§ TASK DIRECTIONS
An exact reproduction of the data below is expected, free of images.

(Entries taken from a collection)
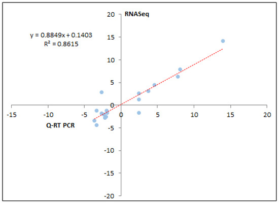 qRT-PCR validation of RNA-Seq results, using the top 10 DEGs from male and female groups respectively. The fold change from q-RT PCR was plotted on the x-axis, and the log2 fold change from the RNA-Seq analysis was plotted on the y-axis; and the correlation between the two methods is given in the figure.
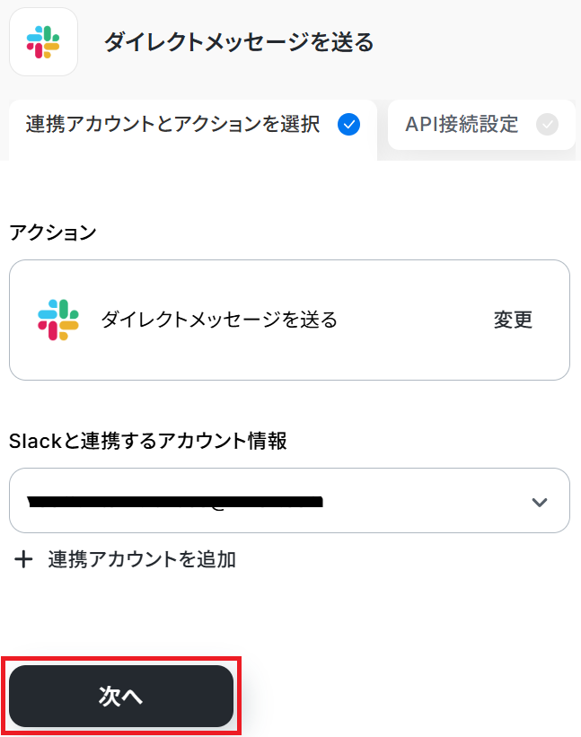 これまでのステップと同様、アクションは「ダイレクトメッセージを送る」のまま「次へ」をクリックします。
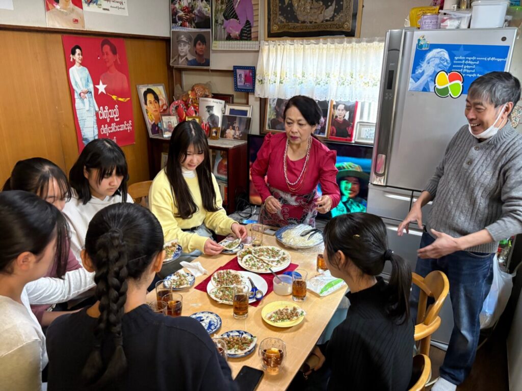 今年3月、高3SGコース9期生の有志はご夫妻のお宅にお邪魔し、手作りのビルマ料理をご馳走になりながらお二人からお話を聞き、さらには現地の若者たちとビデオ通話で交流しました。
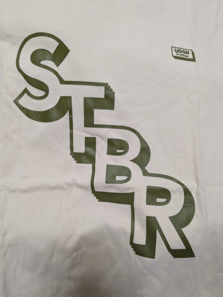 そしてうどんを待っている時、店内に置かれてある、Tシャツを見てサイズが合えば買ってしまいます。街ゆく人のTシャツにSTBRと書かれていれば、それは「SeToBaRe」と思って頂いて構いません
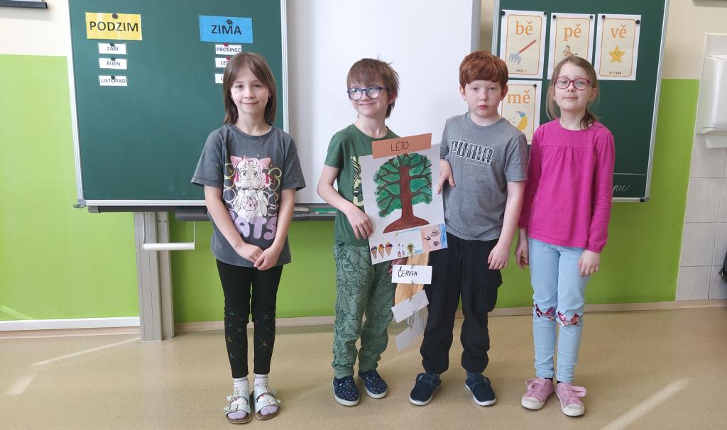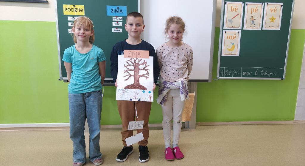 Třída Medvíďátek ze druhého ročníku se v uplynulých dnech v hodinách Prvouky věnovala tématu kalendářního roku a ročních období. Děti si společně povídaly o tom, jak se během roku střídá jaro, léto, podzim, zima, jaké jsou jejich hlavní znaky a jak se proměňuje příroda i život kolem nás. Připomněly si měsíce v roce, typické počasí i svátky, které se k jednotlivým obdobím vážou.
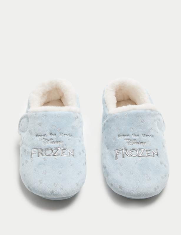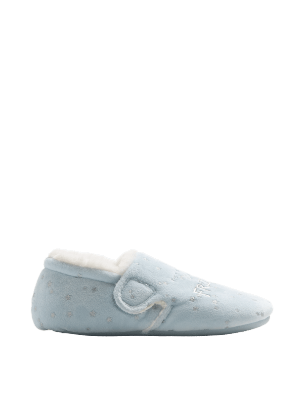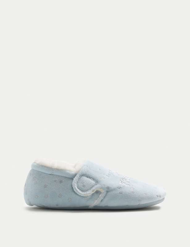 These Disney Frozen™ slippers are a perfect choice for fans of the film. They're made with riptape for easy fastening. The 'Frozen' logo is embroidered in sparkling thread on the soft velvety upper, alongside metallic stars. A fluffy lining inside ensures cosy toes.
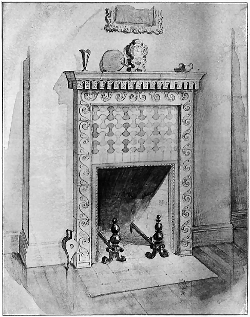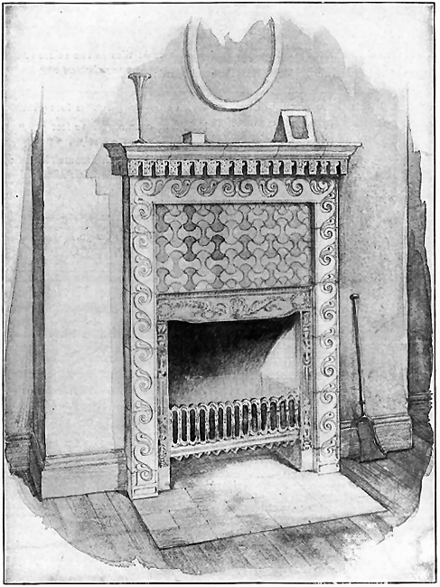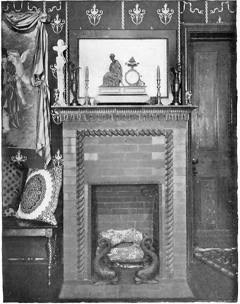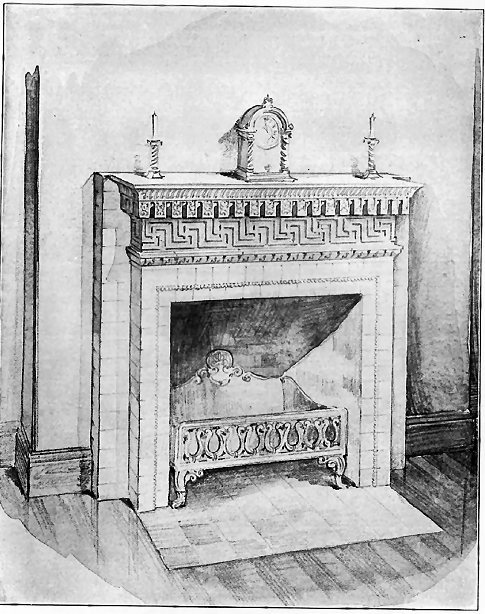 This design would require a width of 7 feet 6 inches, as the arched motif could not be used advantageously in a mantel of more than 8 inches less in width. The cornice to the mantle is of wood.
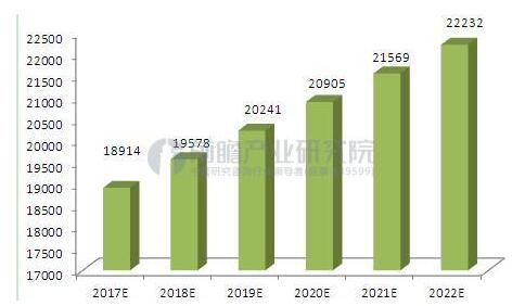 圖表1:2017-2022年中國海綿城市建設(shè)市場規(guī)模走勢預(yù)測(單位:億元)
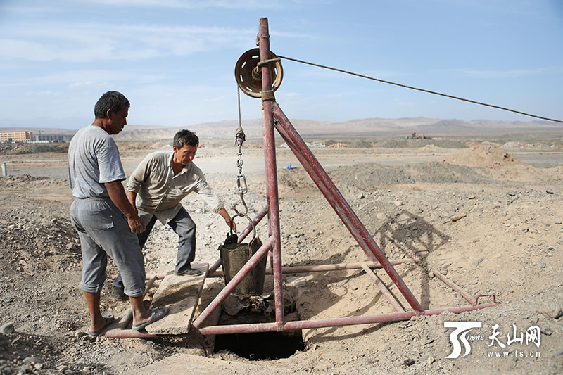一根繩、一個(gè)桶、一輛拖拉機(jī)頭,就是庫(kù)爾班·司馬義所有的作業(yè)工具。下井時(shí),人坐在一個(gè)T形的鐵管上,用繩索固定好,一頭連著的拖拉機(jī)緩緩開(kāi)動(dòng),將繩索這頭的人吊入豎井中。大約七八分鐘后,拖拉機(jī)后退,一小桶泥沙從井里升上來(lái),庫(kù)爾班和伙計(jì)們小心地站在井口,伸手取下桶來(lái),將泥沙倒掉又掛在繩索上,如此重復(fù)。
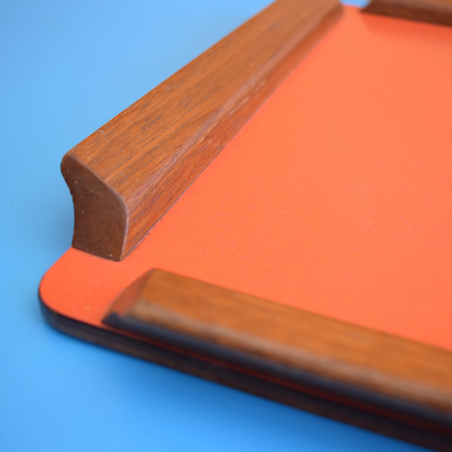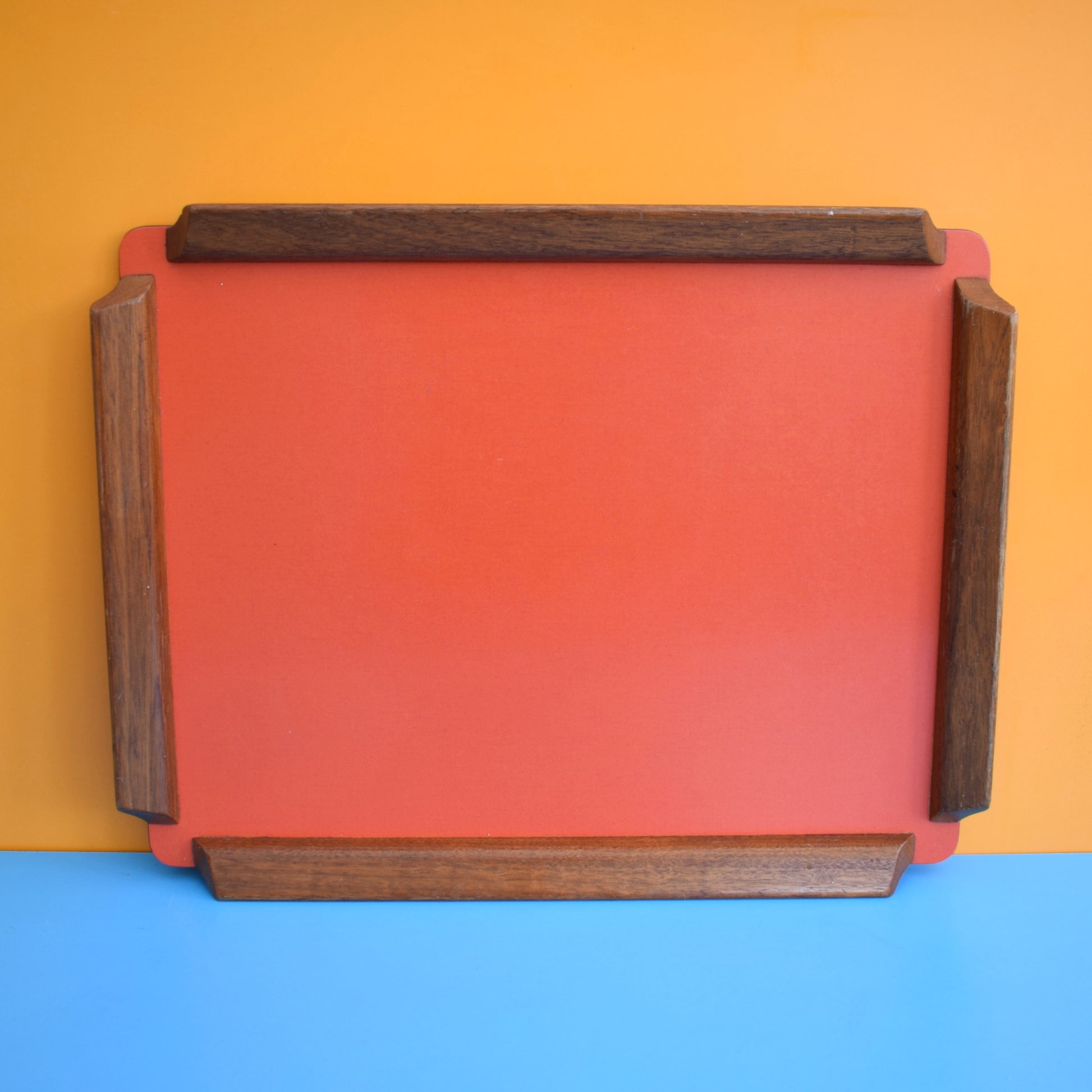 This is a vintage Formica tray, with a dark wooden surround (oak or teak)
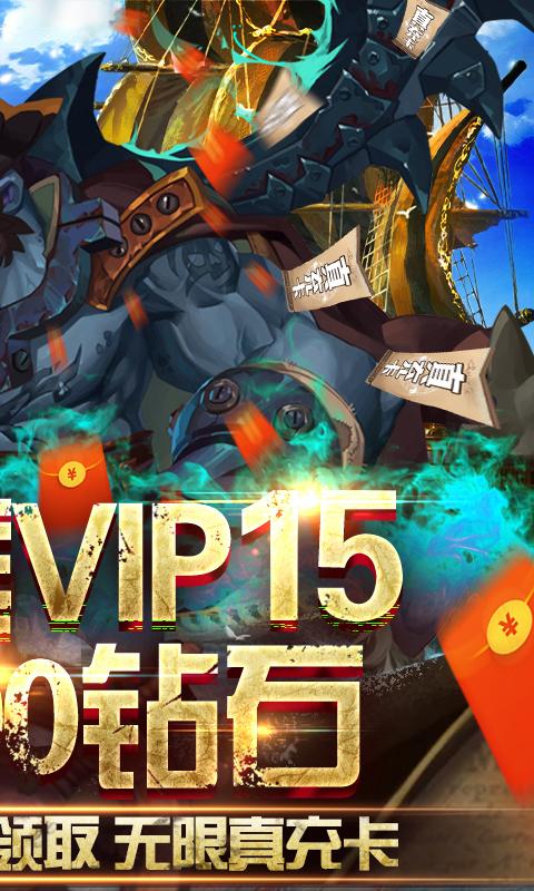 1、上线在邮件里面领取VIP积分,就可以直接升到VIP15,还送164000钻石,500w银币,多档位VIP礼包免费领,大量的进阶材料、道具,助你驰骋海陆双地!
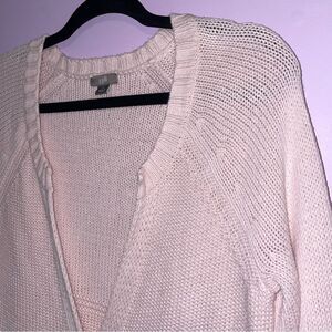 Stylish light pink cardigan. Single button closure. Comfortable and chic.
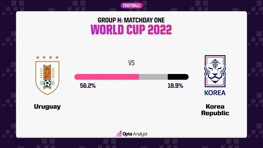 옵타는 "(안와 골절상을 당해) 마스크를 쓰고 뛸 손흥민이 정상적으로 경기를 치른다고 해도 우루과이가 승리할 가능성이 크다"며 "우루과이는 역대 월드컵에서 아시아 국가와 4차례 맞붙어 모두 승리했다"고 과거 사례도 들었다.

§ SOLUTION FOR THIS EXERCISE
 qRT-PCR validation of RNA-Seq results, using the top 10 DEGs from male and female groups respectively. The fold change from q-RT PCR was plotted on the x-axis, and the log2 fold change from the RNA-Seq analysis was plotted on the y-axis; and the correlation between the two methods is given in the figure.
 これまでのステップと同様、アクションは「ダイレクトメッセージを送る」のまま「次へ」をクリックします。
 今年3月、高3SGコース9期生の有志はご夫妻のお宅にお邪魔し、手作りのビルマ料理をご馳走になりながらお二人からお話を聞き、さらには現地の若者たちとビデオ通話で交流しました。
 そしてうどんを待っている時、店内に置かれてある、Tシャツを見てサイズが合えば買ってしまいます。街ゆく人のTシャツにSTBRと書かれていれば、それは「SeToBaRe」と思って頂いて構いません
 Třída Medvíďátek ze druhého ročníku se v uplynulých dnech v hodinách Prvouky věnovala tématu kalendářního roku a ročních období. Děti si společně povídaly o tom, jak se během roku střídá jaro, léto, podzim, zima, jaké jsou jejich hlavní znaky a jak se proměňuje příroda i život kolem nás. Připomněly si měsíce v roce, typické počasí i svátky, které se k jednotlivým obdobím vážou.
 These Disney Frozen™ slippers are a perfect choice for fans of the film. They're made with riptape for easy fastening. The 'Frozen' logo is embroidered in sparkling thread on the soft velvety upper, alongside metallic stars. A fluffy lining inside ensures cosy toes.
 This design would require a width of 7 feet 6 inches, as the arched motif could not be used advantageously in a mantel of more than 8 inches less in width. The cornice to the mantle is of wood.
 圖表1:2017-2022年中國海綿城市建設(shè)市場規(guī)模走勢預(yù)測(單位:億元)
一根繩、一個(gè)桶、一輛拖拉機(jī)頭,就是庫(kù)爾班·司馬義所有的作業(yè)工具。下井時(shí),人坐在一個(gè)T形的鐵管上,用繩索固定好,一頭連著的拖拉機(jī)緩緩開(kāi)動(dòng),將繩索這頭的人吊入豎井中。大約七八分鐘后,拖拉機(jī)后退,一小桶泥沙從井里升上來(lái),庫(kù)爾班和伙計(jì)們小心地站在井口,伸手取下桶來(lái),將泥沙倒掉又掛在繩索上,如此重復(fù)。
 This is a vintage Formica tray, with a dark wooden surround (oak or teak)
 1、上线在邮件里面领取VIP积分,就可以直接升到VIP15,还送164000钻石,500w银币,多档位VIP礼包免费领,大量的进阶材料、道具,助你驰骋海陆双地!
 Stylish light pink cardigan. Single button closure. Comfortable and chic.
 옵타는 "(안와 골절상을 당해) 마스크를 쓰고 뛸 손흥민이 정상적으로 경기를 치른다고 해도 우루과이가 승리할 가능성이 크다"며 "우루과이는 역대 월드컵에서 아시아 국가와 4차례 맞붙어 모두 승리했다"고 과거 사례도 들었다.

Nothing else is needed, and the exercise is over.